## SUPPLIED MATERIAL:
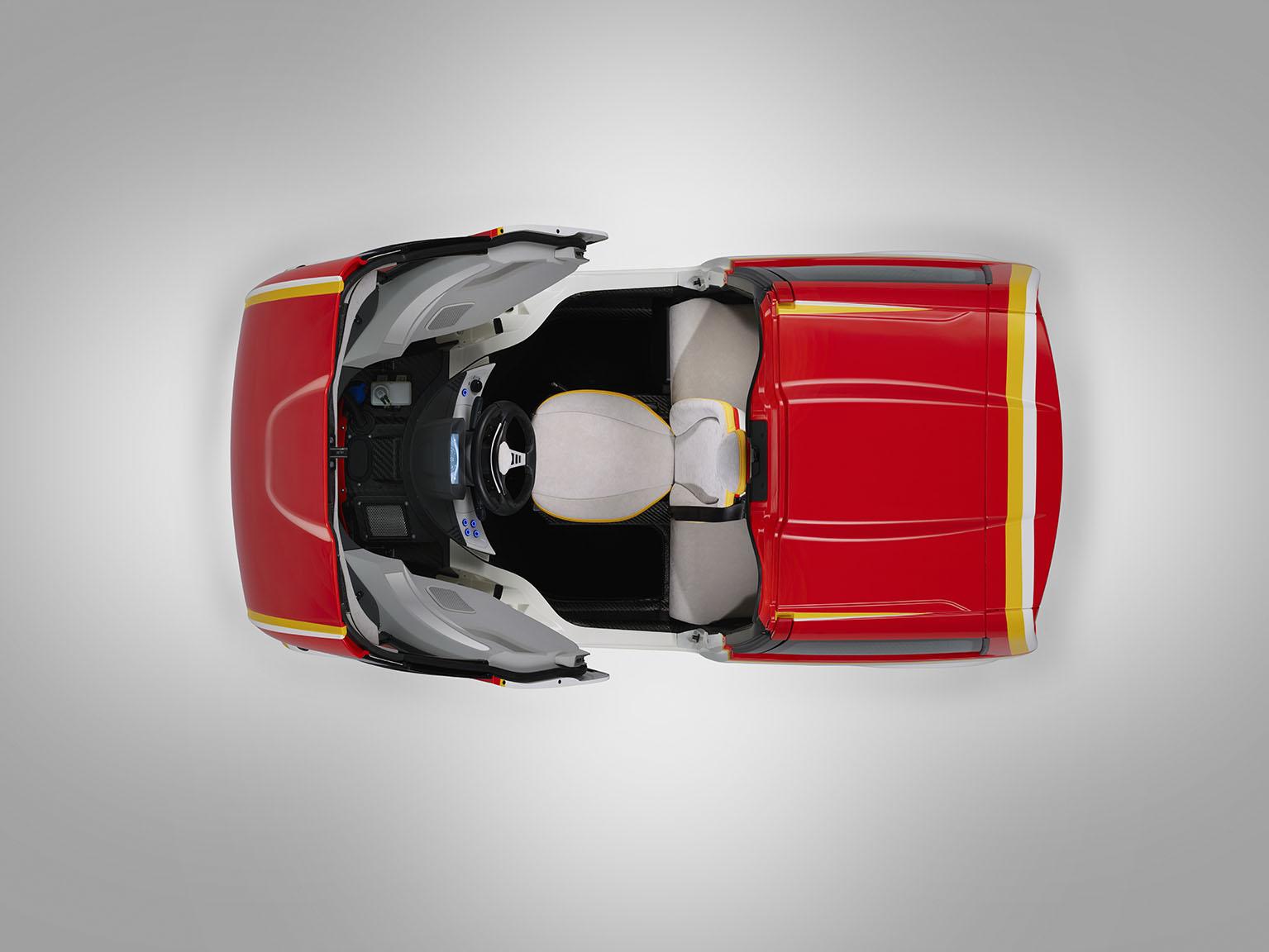 The car doesn't have any individual doors, but rather the top, sides, and windshield are a single piece that opens towards the front, as seen in the images here. Contributing to the light weight is a body that mostly made from recycled carbon fiber. The two passengers are seated on each side and slightly behind the driver.
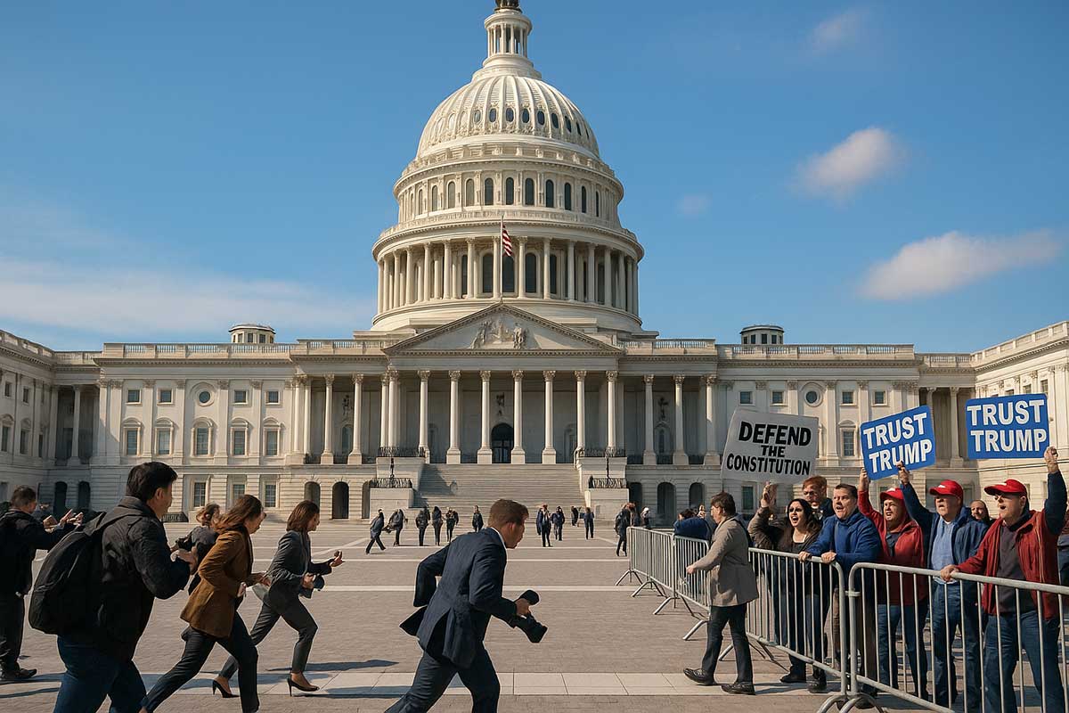 Protesters chant both sides of the street. A banner flaps: “TRUST THE PEOPLE.” Another answers: “TRUST THE CONSTITUTION.”
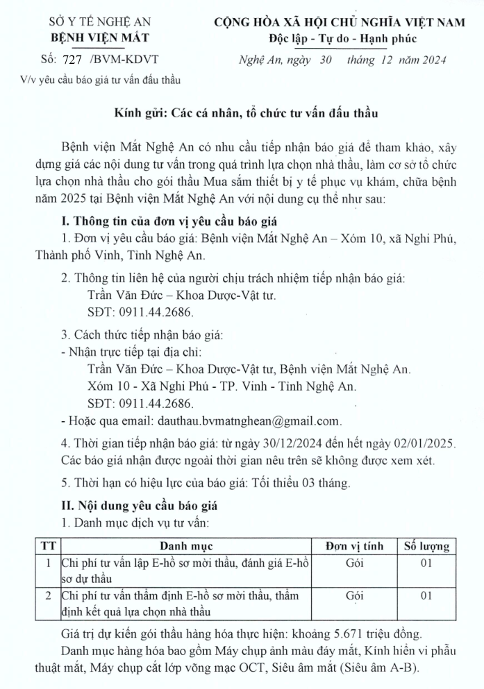 Bệnh viện Mắt Nghệ An có nhu cầu tiếp nhận báo giá để tham khảo, xây dựng giá các nội dung tư vấn trong quá trình lựa chọn nhà thầu, làm cơ sở tổ chức lựa chọn nhà thầu cho gói thầu Mua sắm thiết bị y tế phục vụ khám, chữa bệnh năm 2025 tại Bệnh viện Mắt Nghệ An với nội dung cụ thể như sau:
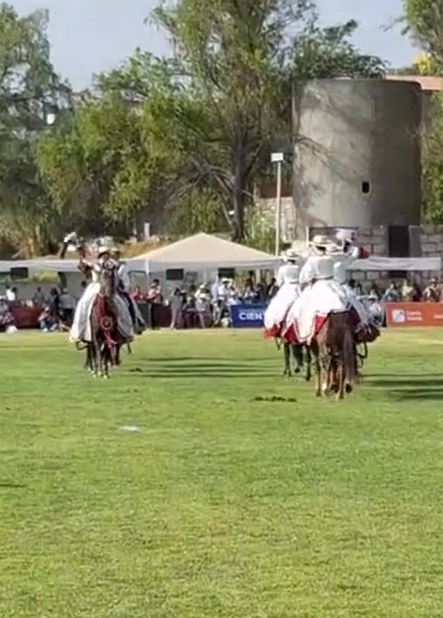group of people riding horses across a grassy field towards the camera. The riders are dressed in white and red outfits, and they are waving to the crowd. The horses are moving at a trot. In the background, there is a crowd of people sitting under tents, as well as a tall, cylindrical building and some trees. The sky is blue.

## PROBLEM REQUIREMENTS:
Would you reproduce each line of the material exactly, omitting the images?

## RESULT OF THE EXERCISE:
 The car doesn't have any individual doors, but rather the top, sides, and windshield are a single piece that opens towards the front, as seen in the images here. Contributing to the light weight is a body that mostly made from recycled carbon fiber. The two passengers are seated on each side and slightly behind the driver.
 Protesters chant both sides of the street. A banner flaps: “TRUST THE PEOPLE.” Another answers: “TRUST THE CONSTITUTION.”
 Bệnh viện Mắt Nghệ An có nhu cầu tiếp nhận báo giá để tham khảo, xây dựng giá các nội dung tư vấn trong quá trình lựa chọn nhà thầu, làm cơ sở tổ chức lựa chọn nhà thầu cho gói thầu Mua sắm thiết bị y tế phục vụ khám, chữa bệnh năm 2025 tại Bệnh viện Mắt Nghệ An với nội dung cụ thể như sau:
group of people riding horses across a grassy field towards the camera. The riders are dressed in white and red outfits, and they are waving to the crowd. The horses are moving at a trot. In the background, there is a crowd of people sitting under tents, as well as a tall, cylindrical building and some trees. The sky is blue.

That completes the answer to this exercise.